(Beginning of Input for this task)
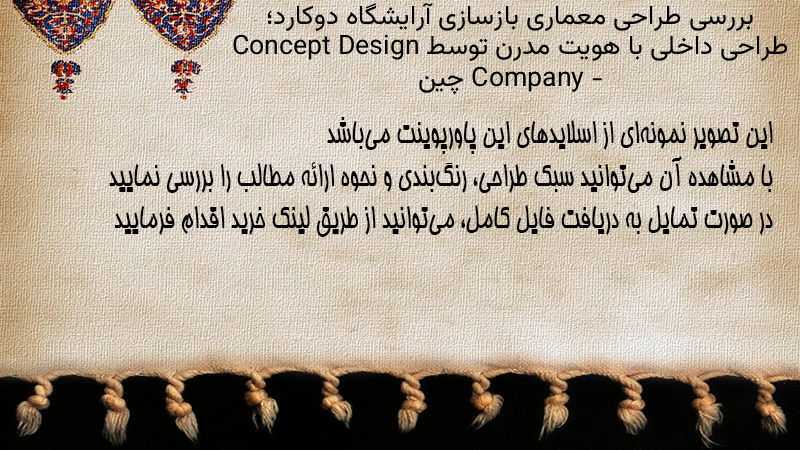 پاورپوینت کامل بررسی طراحی معماری بازسازی آرایشگاه دوکارد؛ طراحی داخلی با هویت مدرن توسط Concept Design Company – چین
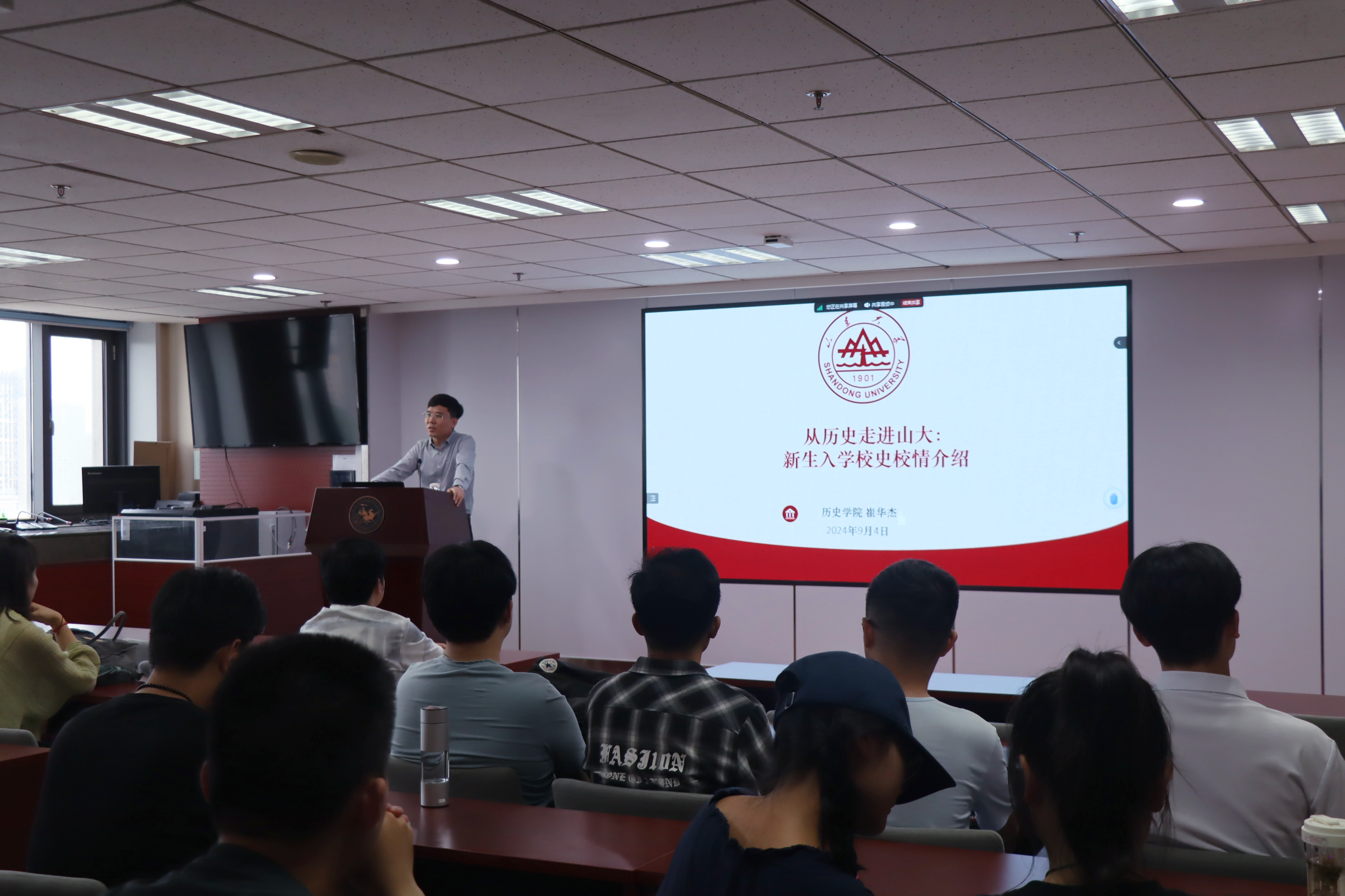 9月5日14点30分至16点,新生校史校情教育讲座在知新楼A1017举行。崔华杰教授进行了主题为“从历史走进山大”的讲座,以生动有趣的讲解方式介绍了356体育在线官网建校123年的悠久历史、历届优秀教师以及知名员工等,增强了研究生新生对学校发展历程的了解程度和自豪感。讲座最后,崔华杰引用习近平总书记对青年人的嘱托语录,以此寄语2024级研究生同学,希望同学们能努力奋斗、积极进取,在伟大时代中有所建树。本次教育帮助新生更好地理解了学校的办学宗旨、校训校风,激励新生在接下来的研究生生涯努力弘扬山大精神,争做新时代的优秀山大学子。
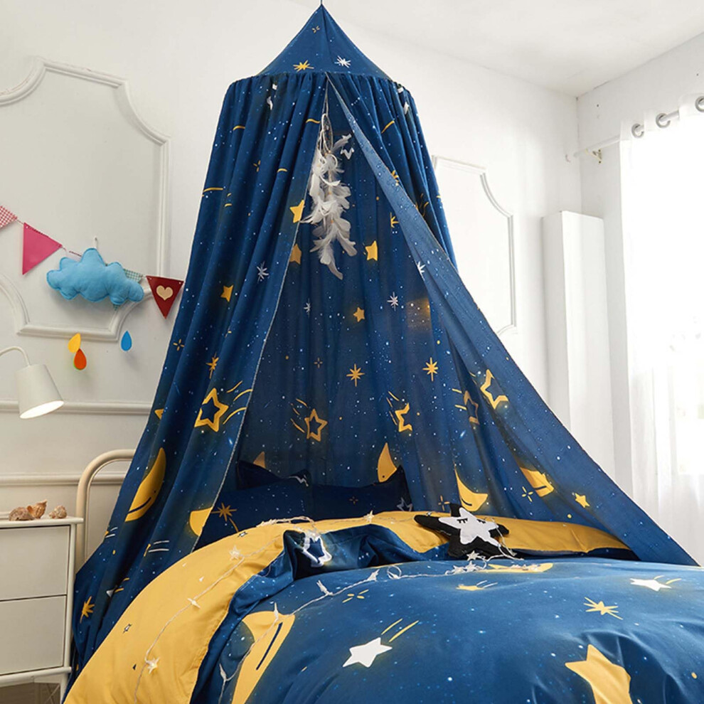 Spiritzohic Bed Canopy for Kids, Round Mosquito Net with Glowing Stars Kids Bed Curtains Bedroom Tent Room Decoration for Kid Bedroom Accessories Mosquito Net Suitable Beds 1.5M-1.8M(Blue)
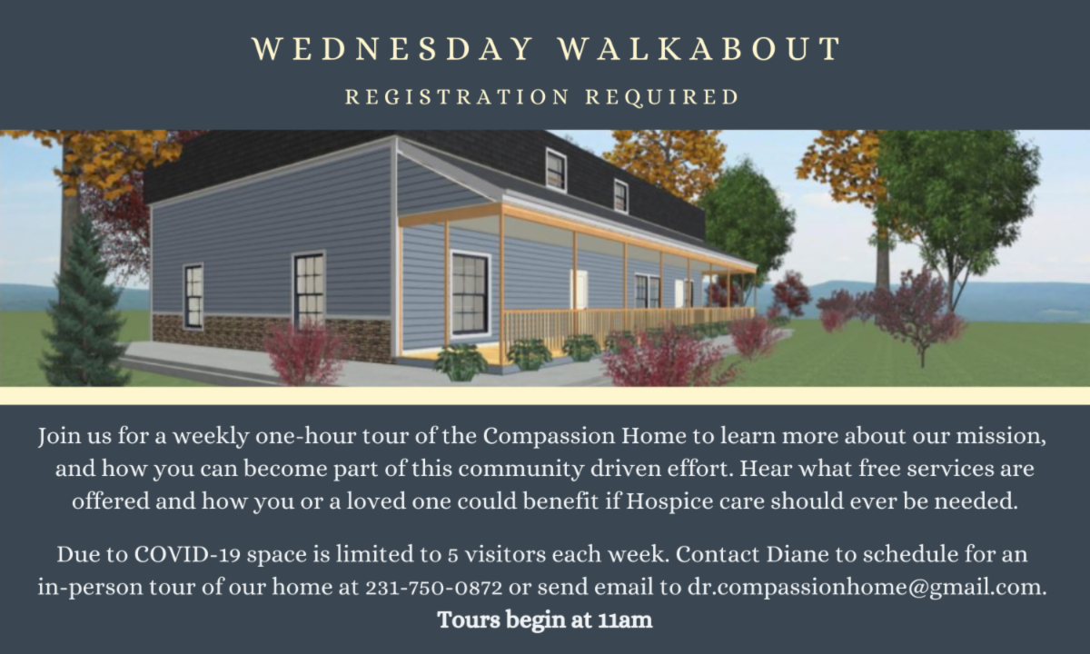Registration is necessary so we can plan accordingly. Contact Diane to schedule for an in-person tour of the Compassion home at 231-750-0872 or send email to dr.compassionhome@gmail.com.
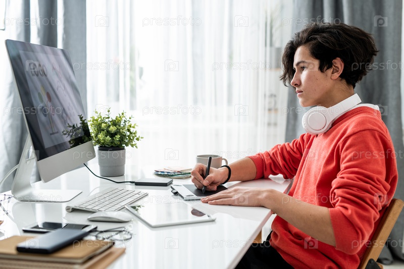 Серьезный мужской графический дизайнер смотрит на компьютерный экран, ретушируя фотографии
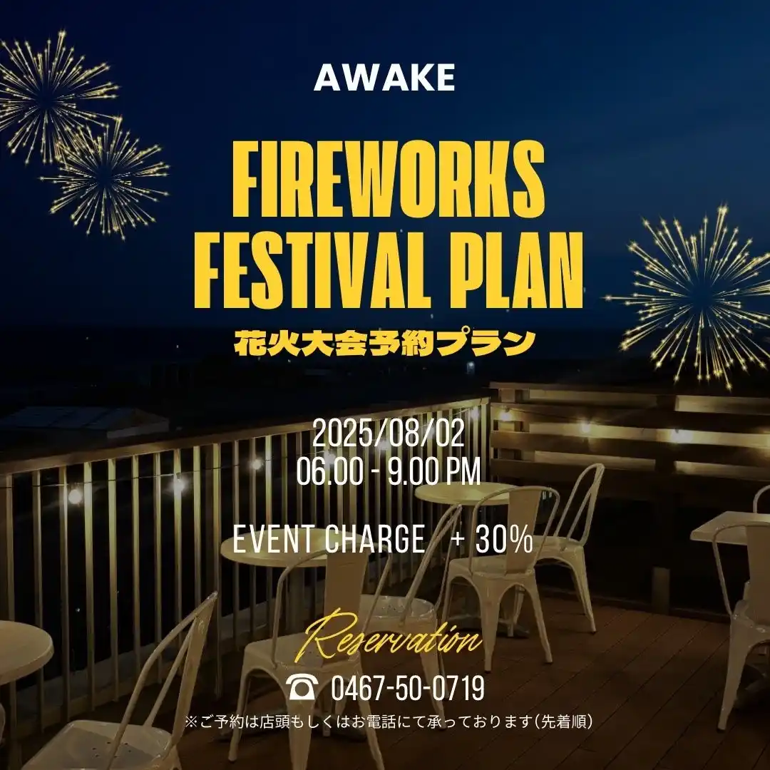また、夏に開催される花火大会の際には、テラス席からサザンビーチに打ち上がる花火を間近で眺めながら、食事とともに感動のひとときを過ごすことができます。この立地ならではの贅沢な体験も、AWAKEの大きな魅力の一つとなっております。 |
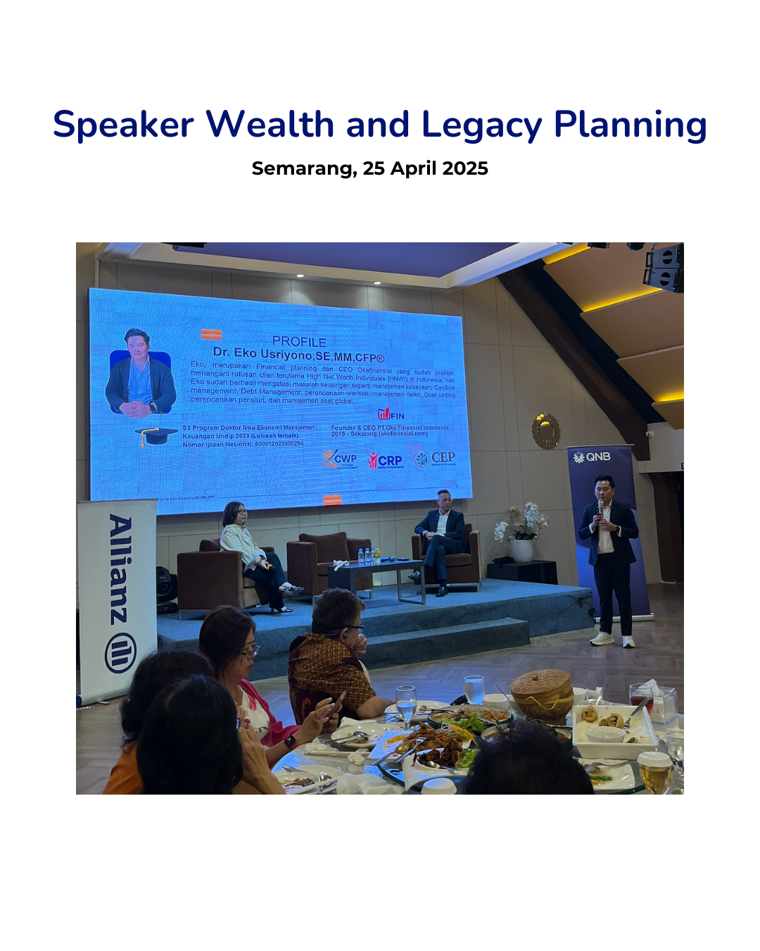 | 13.00 – 13.45 | 🏛 Modul 4 – Estate Planning & Economic Family Value | – Konsep EFV: warisan bukan hanya harta – Warisan, hibah, dan wasiat – Hukum waris: Islam, KUH Perdata, Adat – Case Study |
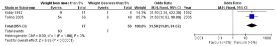 This study performed a meta-analysis of data pertaining to improvements in reproductive function (Figure 5). The number of patients with improved reproductive function was significantly higher in the group that achieved weight loss of 5% or more compared to the subjects who achieved less than 5% weight loss (OR: 31.50, 95% CI: 11.81 to 84.02, p < 0.00001, I2 = 0%).
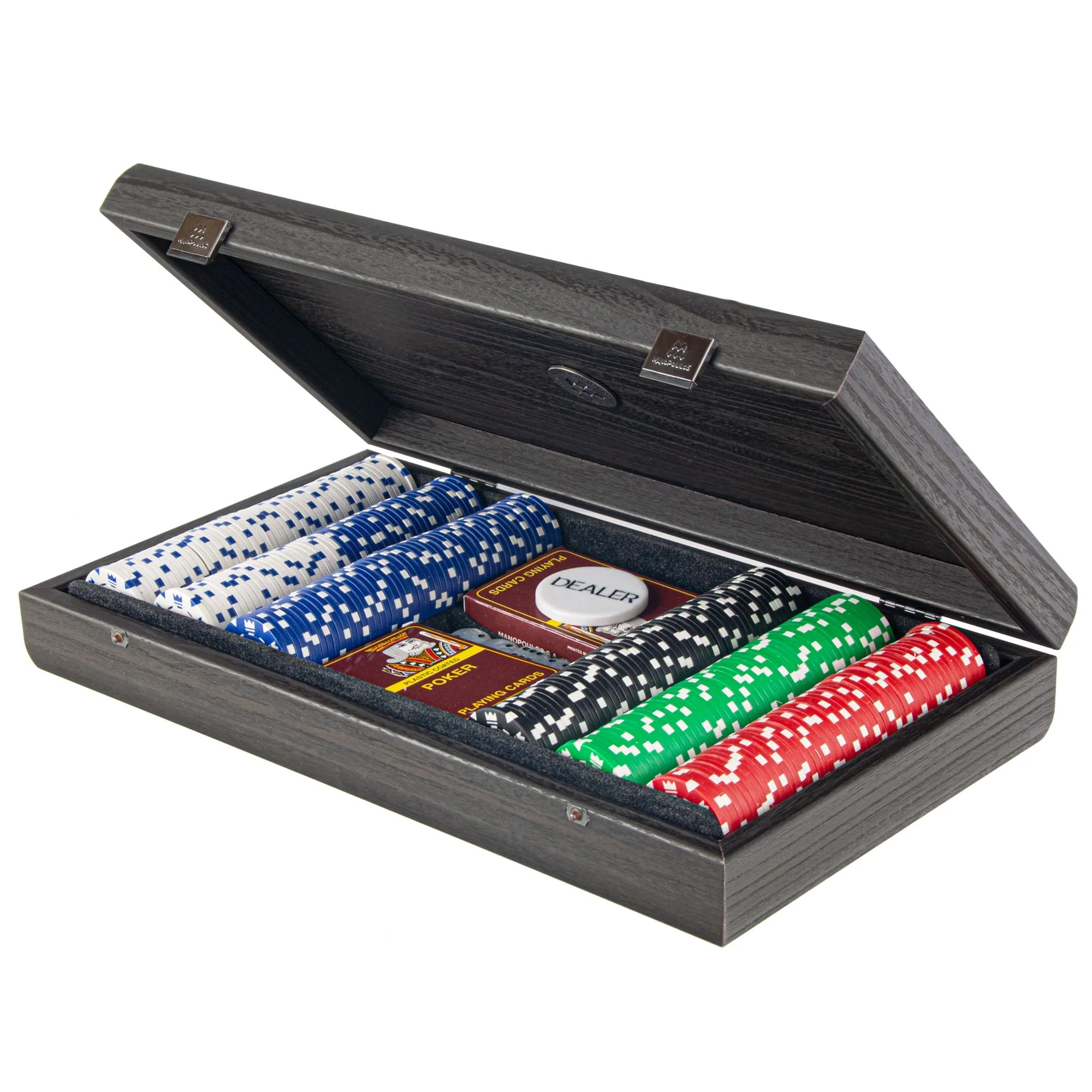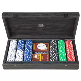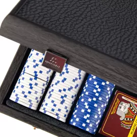 Покерный набор в деревянном футляре из дерева, верхняя часть которого покрыта черной кожей Этот роскошный набор для покера изготовлен вручную из дерева и имеет бархатный поднос внутри. В комплект входят 300 высококачественных покерных фишек по 11,5 г и 2 комплекта игральных карт — лучший подарок для серьезного игрока!
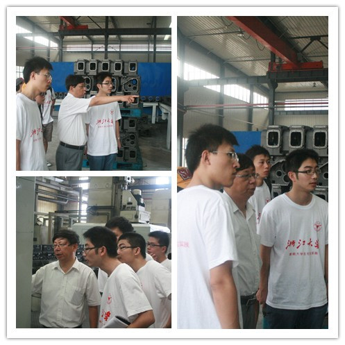 公司人力资源部葛部长与姚工热情地接待了实践团一行,并由姚工带领实践团参观了位于总部的柴油机缸体零件加工厂区和公司历史及相关产品陈列室。据姚工介绍,目前常柴公司的设计部负责设计柴油机的整体设计,其中缸体是由公司自己生产,相关的铸造及粗精加工工艺设备一应俱全,其他设计件采用外协的方式,由公司严格控制其质量并在位于常州市新区的新投产的装配车间中进行装配。
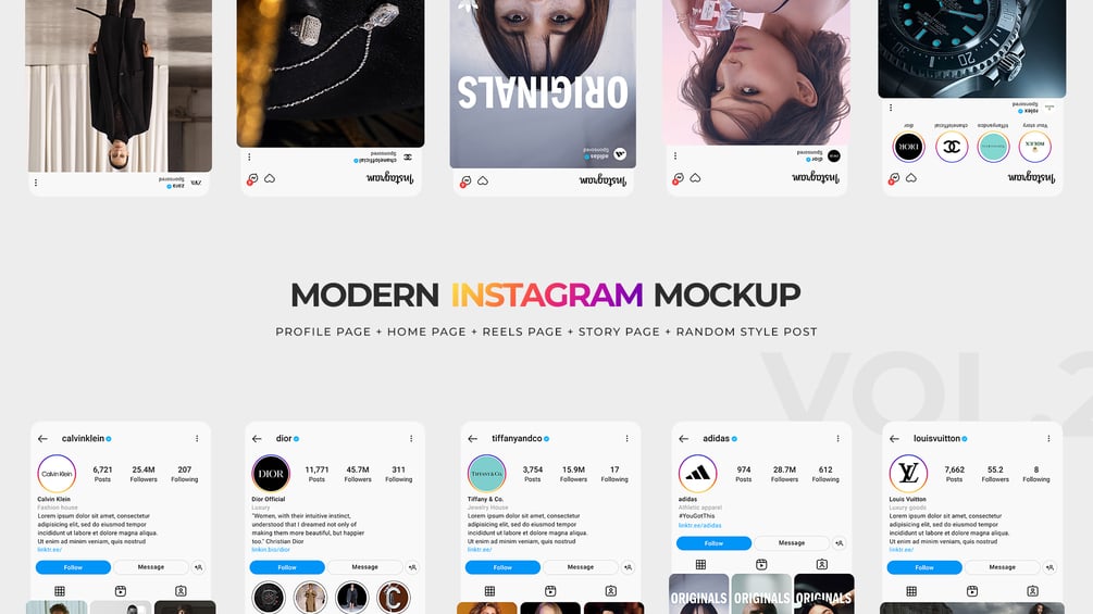 This bundle includes 19 high-quality mockups of Instagram posts, stories, and profiles, all in a modern and unique design.
(End of Input for this task)
From the material above, give again exactly the lines from the one that contains "Серьезный мужской графический" through the one that contains "This study performed", and leave out the pictures.

Task response>
 Серьезный мужской графический дизайнер смотрит на компьютерный экран, ретушируя фотографии
また、夏に開催される花火大会の際には、テラス席からサザンビーチに打ち上がる花火を間近で眺めながら、食事とともに感動のひとときを過ごすことができます。この立地ならではの贅沢な体験も、AWAKEの大きな魅力の一つとなっております。 |
 | 13.00 – 13.45 | 🏛 Modul 4 – Estate Planning & Economic Family Value | – Konsep EFV: warisan bukan hanya harta – Warisan, hibah, dan wasiat – Hukum waris: Islam, KUH Perdata, Adat – Case Study |
 This study performed a meta-analysis of data pertaining to improvements in reproductive function (Figure 5). The number of patients with improved reproductive function was significantly higher in the group that achieved weight loss of 5% or more compared to the subjects who achieved less than 5% weight loss (OR: 31.50, 95% CI: 11.81 to 84.02, p < 0.00001, I2 = 0%).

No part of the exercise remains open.